Haga clic en Etiqueta para generar gráficos de comparación por pares para cada una de las medidas seleccionadas. Si es necesario agregar o quitar una medida, haga clic en la casilla de verificación correspondiente y, a continuación, haga clic en Actualizar trazado. En este estudio se demuestran dos estrategias de segmentación y una herramienta de clasificación en el banco de trabajo SuRVoS.
Para el entrenamiento del modelo, se carga un conjunto de datos de contraste relativamente alto con límites que definen la región. Los datos se filtran y sujetan para que el fondo, el primer plano y las estructuras internas sean más distinguibles. A continuación, los supervóxeles se construyen sobre el conjunto de datos filtrado.
Una vez que se evalúa la calidad de los supervóxeles, se realizan anotaciones manuales para entrenar al clasificador para predecir las áreas correspondientes al fondo, la cerda de la fruta, el material de la semilla y la pulpa circundante. Los refinamientos morfológicos se utilizan para limpiar la segmentación rellenando agujeros. Para la segmentación de superregiones, se carga un conjunto de datos ruidoso y complejo.

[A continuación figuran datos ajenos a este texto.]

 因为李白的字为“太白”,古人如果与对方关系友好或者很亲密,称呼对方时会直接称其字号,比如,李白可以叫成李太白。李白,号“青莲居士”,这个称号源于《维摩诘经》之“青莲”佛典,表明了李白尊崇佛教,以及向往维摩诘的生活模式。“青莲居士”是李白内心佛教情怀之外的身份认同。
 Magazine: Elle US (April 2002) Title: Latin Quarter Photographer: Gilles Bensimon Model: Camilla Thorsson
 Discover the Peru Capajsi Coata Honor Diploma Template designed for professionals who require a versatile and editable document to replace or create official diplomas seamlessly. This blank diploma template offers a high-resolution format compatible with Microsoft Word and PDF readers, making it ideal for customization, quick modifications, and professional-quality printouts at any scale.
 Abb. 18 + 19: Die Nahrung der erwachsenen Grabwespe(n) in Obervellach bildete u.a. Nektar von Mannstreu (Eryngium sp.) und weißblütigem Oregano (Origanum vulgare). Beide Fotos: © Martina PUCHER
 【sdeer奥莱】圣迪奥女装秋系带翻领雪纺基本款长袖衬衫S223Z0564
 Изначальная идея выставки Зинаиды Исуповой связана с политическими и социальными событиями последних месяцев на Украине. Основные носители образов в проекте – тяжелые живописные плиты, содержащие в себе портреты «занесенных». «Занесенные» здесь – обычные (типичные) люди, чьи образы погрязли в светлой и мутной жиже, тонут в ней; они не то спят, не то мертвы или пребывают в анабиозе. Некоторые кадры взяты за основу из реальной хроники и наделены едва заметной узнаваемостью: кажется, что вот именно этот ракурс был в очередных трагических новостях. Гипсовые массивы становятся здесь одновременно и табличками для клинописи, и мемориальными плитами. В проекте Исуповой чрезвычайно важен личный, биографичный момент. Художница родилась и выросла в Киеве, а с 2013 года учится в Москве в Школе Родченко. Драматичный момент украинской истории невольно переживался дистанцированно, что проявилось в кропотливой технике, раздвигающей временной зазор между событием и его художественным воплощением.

A continuación, se aplica un conjunto de filtros adecuado a la región de interés seleccionada. Después del entrenamiento y la segmentación del modelo, se utilizan anotaciones manuales rápidas cada cinco a 10 segmentos para seleccionar los supervóxeles que describen la característica de interés. A continuación, se demuestra la división de etiquetas utilizando un conjunto de datos con muchos orgánulos variados.
En primer lugar, se utiliza un filtro de variación total adecuado para mejorar los límites de los orgánulos. Los orgánulos se segmentan semimanualmente utilizando mega vóxeles y supervóxeles y el refinamiento se utiliza para rellenar agujeros y suavizar los bordes. El divisor de etiquetas se utiliza para visualizar cada orgánulo como un objeto en el conjunto de datos y, a continuación, para visualizar varias características sobre cada objeto en la gráfica de datos.

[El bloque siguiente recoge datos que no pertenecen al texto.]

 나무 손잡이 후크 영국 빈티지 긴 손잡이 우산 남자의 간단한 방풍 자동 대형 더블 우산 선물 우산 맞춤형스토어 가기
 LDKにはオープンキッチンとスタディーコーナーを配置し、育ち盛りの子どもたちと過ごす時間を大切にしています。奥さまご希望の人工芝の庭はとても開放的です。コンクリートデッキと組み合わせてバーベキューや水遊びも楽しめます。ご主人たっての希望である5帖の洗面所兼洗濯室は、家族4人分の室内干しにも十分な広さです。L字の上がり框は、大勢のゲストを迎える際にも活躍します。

Aquí, se crearon reglas para separar los orgánulos en cinco clases distintas en función de sus propiedades heredadas, por ejemplo, su tamaño o intensidad promedio. El divisor de etiquetas se puede utilizar para generar información cuantitativa sobre los datos y comenzar a comprender el contexto celular. Después de ver este video, debería tener una buena comprensión de cómo usar el banco de trabajo SuRVoS para la segmentación semiautomática.

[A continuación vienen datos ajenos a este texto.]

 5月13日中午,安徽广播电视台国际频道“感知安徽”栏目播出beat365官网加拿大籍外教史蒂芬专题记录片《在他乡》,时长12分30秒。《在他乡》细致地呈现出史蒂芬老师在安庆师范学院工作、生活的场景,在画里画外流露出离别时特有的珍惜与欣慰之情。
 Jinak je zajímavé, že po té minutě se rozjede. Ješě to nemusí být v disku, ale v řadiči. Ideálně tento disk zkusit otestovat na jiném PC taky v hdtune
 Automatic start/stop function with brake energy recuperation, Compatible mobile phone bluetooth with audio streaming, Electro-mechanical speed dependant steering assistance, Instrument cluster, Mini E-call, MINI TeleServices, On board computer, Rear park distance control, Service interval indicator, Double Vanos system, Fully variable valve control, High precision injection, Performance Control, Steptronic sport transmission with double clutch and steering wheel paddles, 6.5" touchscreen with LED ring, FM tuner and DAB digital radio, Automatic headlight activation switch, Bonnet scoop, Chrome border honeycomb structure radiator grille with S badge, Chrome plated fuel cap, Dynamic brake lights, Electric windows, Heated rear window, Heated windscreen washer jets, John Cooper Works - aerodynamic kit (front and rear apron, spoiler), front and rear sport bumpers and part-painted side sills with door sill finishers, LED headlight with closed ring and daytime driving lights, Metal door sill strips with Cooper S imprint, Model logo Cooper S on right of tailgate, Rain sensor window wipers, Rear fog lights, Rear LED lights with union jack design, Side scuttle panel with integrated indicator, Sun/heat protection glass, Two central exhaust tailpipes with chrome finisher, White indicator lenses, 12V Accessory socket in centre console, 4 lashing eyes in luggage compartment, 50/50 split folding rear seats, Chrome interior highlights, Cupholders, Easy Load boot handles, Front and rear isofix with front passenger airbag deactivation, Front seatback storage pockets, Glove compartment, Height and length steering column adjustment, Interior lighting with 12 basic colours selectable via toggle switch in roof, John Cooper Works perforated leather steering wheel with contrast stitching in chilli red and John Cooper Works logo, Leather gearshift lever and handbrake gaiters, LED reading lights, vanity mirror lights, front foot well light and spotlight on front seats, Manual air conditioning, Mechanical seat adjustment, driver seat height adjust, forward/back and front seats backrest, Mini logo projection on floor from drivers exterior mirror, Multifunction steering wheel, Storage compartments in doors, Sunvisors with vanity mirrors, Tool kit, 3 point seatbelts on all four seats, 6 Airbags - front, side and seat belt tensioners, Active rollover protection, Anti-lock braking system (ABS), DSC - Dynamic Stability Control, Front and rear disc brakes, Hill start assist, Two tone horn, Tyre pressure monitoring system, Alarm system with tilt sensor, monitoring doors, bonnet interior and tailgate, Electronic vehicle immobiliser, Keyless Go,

Con este procedimiento, se pueden hacer comparaciones de múltiples estados biológicos para responder preguntas, por ejemplo, sobre enfermedades de tipo salvaje y luego condiciones tratadas. Una vez dominada, esta técnica puede acelerar el proceso de segmentación aproximadamente cinco veces si se realiza correctamente. Siguiendo este procedimiento, se pueden utilizar programas de visualización para renderizar los resultados para la publicación y la creación de películas.
Este artículo discute el uso de SuRVoS Workbench para segmentar semiautomáticamente conjuntos de datos volumétricos complejos en biología estructural. El método mejora el análisis cualitativo y cuantitativo de datos biológicos, con aplicaciones que se extienden a la ciencia de materiales.